[Opening INPUT DATA section]

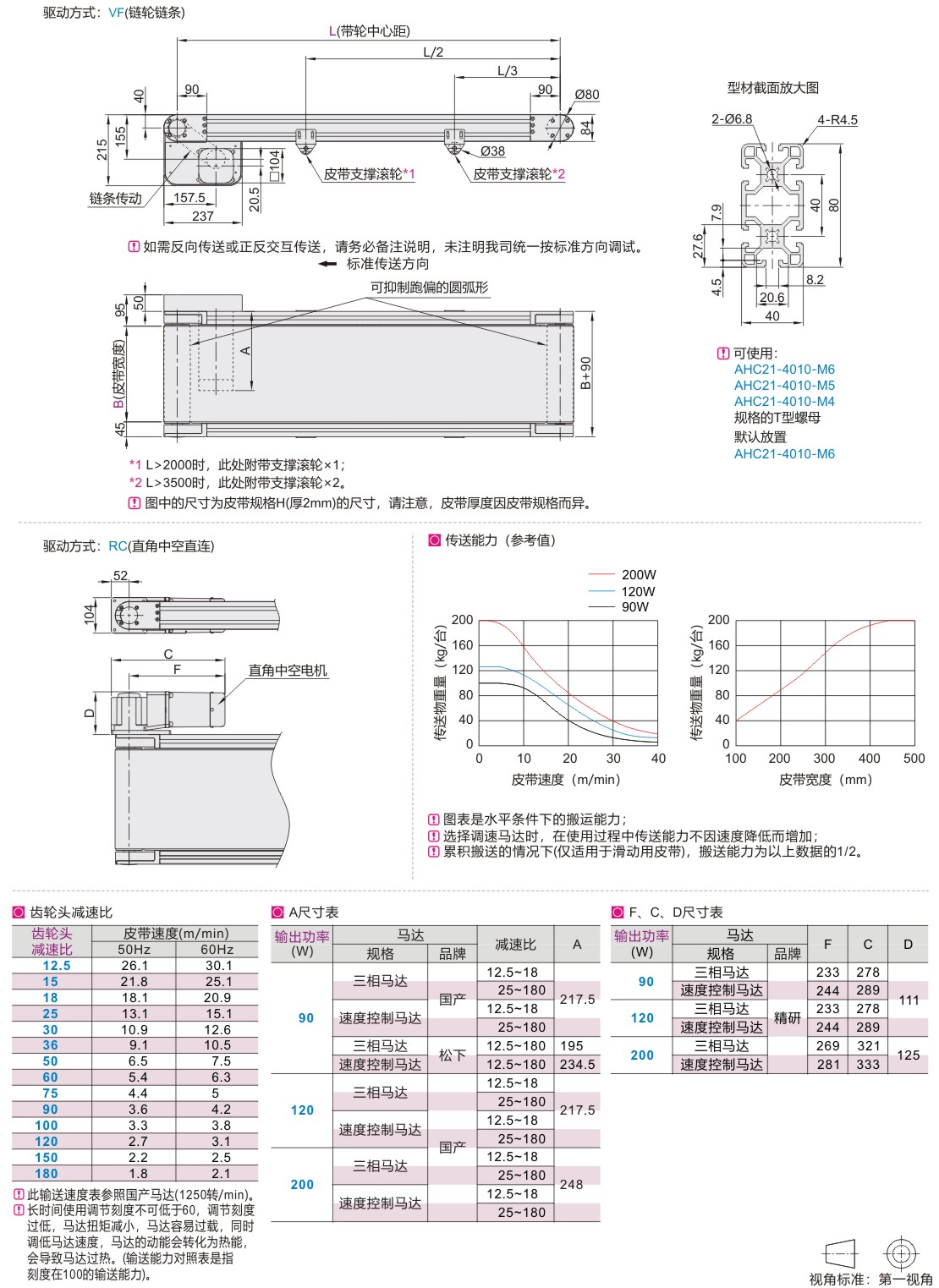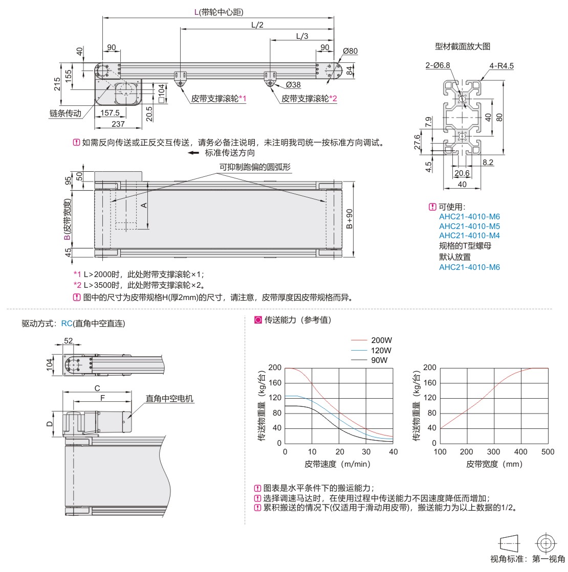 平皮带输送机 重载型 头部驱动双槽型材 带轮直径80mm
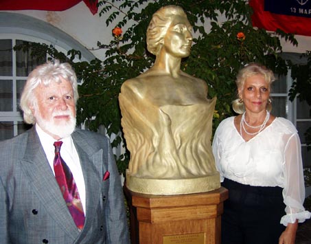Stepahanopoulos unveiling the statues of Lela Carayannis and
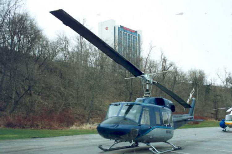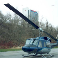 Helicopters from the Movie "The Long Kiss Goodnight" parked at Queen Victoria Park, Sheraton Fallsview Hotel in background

[Closing INPUT DATA section]
[Opening INPUT DATA section]

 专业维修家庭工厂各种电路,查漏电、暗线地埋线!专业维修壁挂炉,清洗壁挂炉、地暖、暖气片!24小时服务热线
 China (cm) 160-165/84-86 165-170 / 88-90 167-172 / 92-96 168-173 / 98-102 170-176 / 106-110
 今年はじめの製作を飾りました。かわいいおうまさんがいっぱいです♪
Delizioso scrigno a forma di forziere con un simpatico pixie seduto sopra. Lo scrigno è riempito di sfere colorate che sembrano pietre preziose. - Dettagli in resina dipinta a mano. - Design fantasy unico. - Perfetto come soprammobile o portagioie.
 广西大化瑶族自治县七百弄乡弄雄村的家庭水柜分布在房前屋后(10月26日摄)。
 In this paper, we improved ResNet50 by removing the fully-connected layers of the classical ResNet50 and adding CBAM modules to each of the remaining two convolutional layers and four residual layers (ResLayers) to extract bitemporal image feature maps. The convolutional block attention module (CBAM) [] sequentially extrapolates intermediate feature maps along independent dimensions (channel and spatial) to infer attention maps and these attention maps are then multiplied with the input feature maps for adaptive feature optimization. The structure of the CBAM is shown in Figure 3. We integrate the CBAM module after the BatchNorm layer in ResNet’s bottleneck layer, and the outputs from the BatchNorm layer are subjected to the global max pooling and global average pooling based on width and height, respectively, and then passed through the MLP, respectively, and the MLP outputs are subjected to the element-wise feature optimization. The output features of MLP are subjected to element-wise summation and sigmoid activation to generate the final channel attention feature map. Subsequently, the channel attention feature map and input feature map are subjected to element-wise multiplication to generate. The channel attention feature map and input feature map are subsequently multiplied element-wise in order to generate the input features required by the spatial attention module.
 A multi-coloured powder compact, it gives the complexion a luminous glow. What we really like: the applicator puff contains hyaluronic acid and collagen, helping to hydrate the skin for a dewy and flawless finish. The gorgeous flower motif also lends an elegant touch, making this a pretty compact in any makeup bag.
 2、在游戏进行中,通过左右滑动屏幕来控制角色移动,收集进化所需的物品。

[Closing INPUT DATA section]

TASK DESCRIPTION ->
Every line above from the line with "Delizioso scrigno a" to the line with "广西大化瑶族自治县七百弄乡弄雄村的家庭水柜分布在房前屋后(10月26日摄)。" is wanted, ends included; write them out exactly and add no other line.

EXERCISE ANSWER ->
Delizioso scrigno a forma di forziere con un simpatico pixie seduto sopra. Lo scrigno è riempito di sfere colorate che sembrano pietre preziose. - Dettagli in resina dipinta a mano. - Design fantasy unico. - Perfetto come soprammobile o portagioie.
 广西大化瑶族自治县七百弄乡弄雄村的家庭水柜分布在房前屋后(10月26日摄)。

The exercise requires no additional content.